最後に目指した大谷地(Ooyachi)は,仏沢分校の校区の最へき地,往時の分校は冬季分校だった。県道から大谷地への分岐がある市野(Ichino)も近年廃村となったらしく,車窓から数戸の家屋と観音堂が見えた。まずまず整ったダートを走ってたどり着いた大谷地には,小さな家屋が建っていて,クルマを停めて探索すると,建物の土台や墓地を見つけることができた。

大谷地集落跡には,小さな家屋が建っていた

# 8-10
新鶴第二小学校大谷地冬季分校は,へき地等級4級,児童数10名(S.34),昭和26年開校,昭和39年閉校。閉村時期は昭和50年。二万五千図(会津高田,S.51)には鳥居マークがあるだけで,それ以前の地形図にも文マークは載っていない。地域の方にも出会わずで,探す術はなかった。
大谷地では,江戸期に造られたという溜池が目立つ存在だ。

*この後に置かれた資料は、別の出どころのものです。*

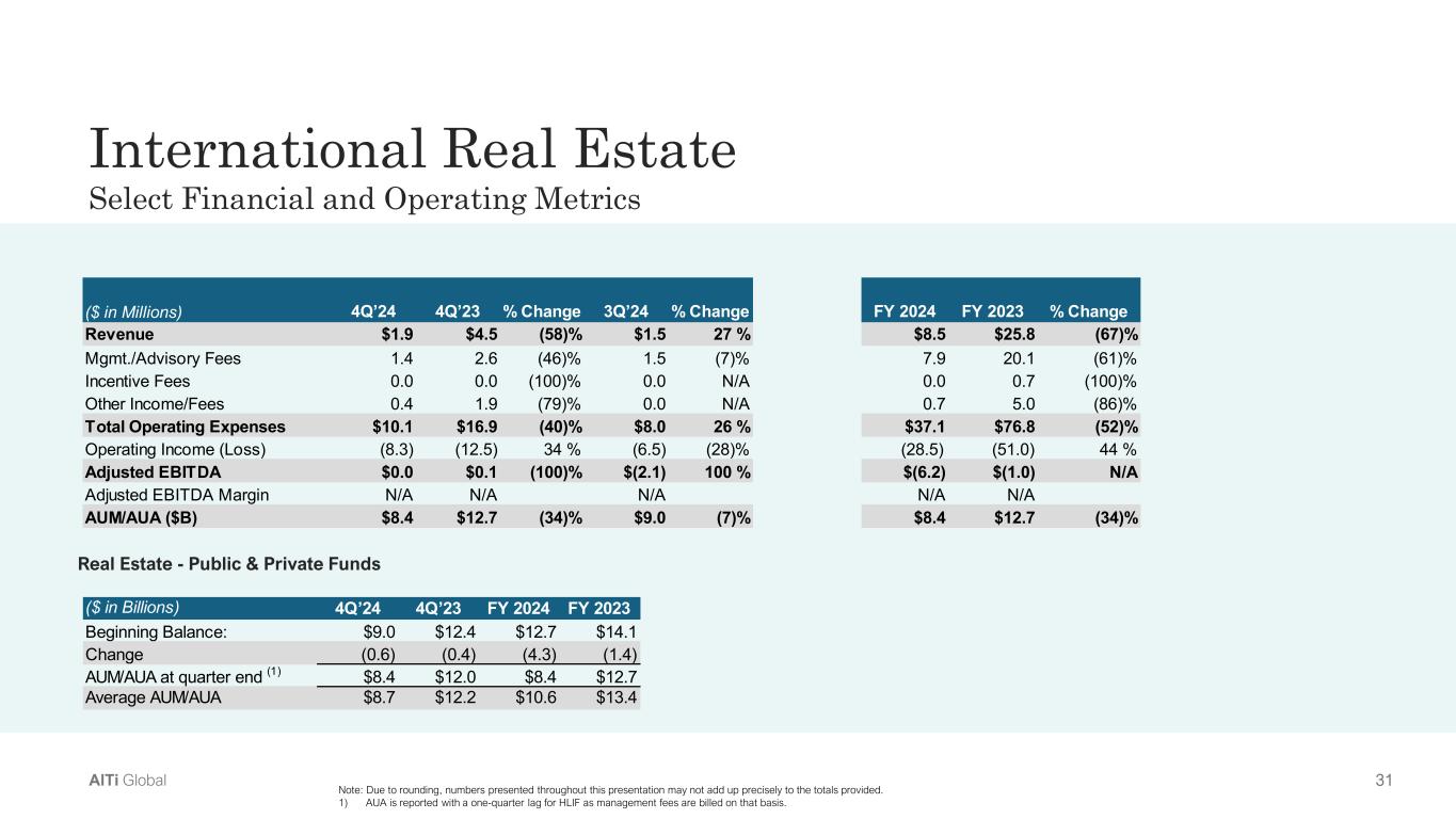 31AlTi Global International Real Estate Select Financial and Operating Metrics Real Estate - Public & Private Funds Note: Due to rounding, numbers presented throughout this presentation may not add up precisely to the totals provided. 1) AUA is reported with a one-quarter lag for HLIF as management fees are billed on that basis. ($ in Billions) 4Q’24 4Q’23 FY 2024 FY 2023 Beginning Balance: $9.0 $12.4 $12.7 $14.1 Change (0.6) (0.4) (4.3) (1.4) AUM/AUA at quarter end (1) $8.4 $12.0 $8.4 $12.7 Average AUM/AUA $8.7 $12.2 $10.6 $13.4 ($ in Millions) 4Q’24 4Q’23 % Change 3Q’24 % Change FY 2024 FY 2023 % Change Revenue $1.9 $4.5 (58)% $1.5 27 % $8.5 $25.8 (67)% Mgmt./Advisory Fees 1.4 2.6 (46)% 1.5 (7)% 7.9 20.1 (61)% Incentive Fees 0.0 0.0 (100)% 0.0 N/A 0.0 0.7 (100)% Other Income/Fees 0.4 1.9 (79)% 0.0 N/A 0.7 5.0 (86)% Total Operating Expenses $10.1 $16.9 (40)% $8.0 26 % $37.1 $76.8 (52)% Operating Income (Loss) (8.3) (12.5) 34 % (6.5) (28)% (28.5) (51.0) 44 % Adjusted EBITDA $0.0 $0.1 (100)% $(2.1) 100 % $(6.2) $(1.0) N/A Adjusted EBITDA Margin N/A N/A N/A N/A N/A AUM/AUA ($B) $8.4 $12.7 (34)% $9.0 (7)% $8.4 $12.7 (34)%

池のほとりの大きな石碑には「文化14年に完成,地域の水利,治水に貢献,昭和30年に決壊,翌31年に大水害があったが,昭和35年に復旧した」との旨が記されていた。この碑は「復旧記念碑」で,福田赴夫農林大臣(後の首相)の名前が刻まれており,思わぬところ出会った名前に微笑ましく思った。

江戸期に造られたという大谷地溜池

# 8-11
大谷地の後は,あと一か所,深澤さんがサンプリングの候補地としている近辺の有人集落 会津美里町(旧会津本郷町)穂馬(Homa)を訪ねた。何気ない農村の風景が広がる穂馬を探索していると,深澤さんが「穂馬にはスズメやトウキョウダルマガエルが居るなど,廃村とは違う生態系がある」と話してくれた。確かに一般集落との比較は,研究では必要なことだと思った。穂馬の路傍にも,会津の廃村探索でよく見かけた古峯神社の石柱が見られた。
穂馬から郡山駅までの帰り道では,黒森−大巣子間の林道を走ったり,中湯川,二幣地を通ったりした。これらの廃村に峠越えの林道が通じているというのは,意外な発見だった。探索の結果,深澤さんのサンプリングの対象は,(1)大巣子,(2)海老山,(3)二幣地,(4)穂馬に決まった。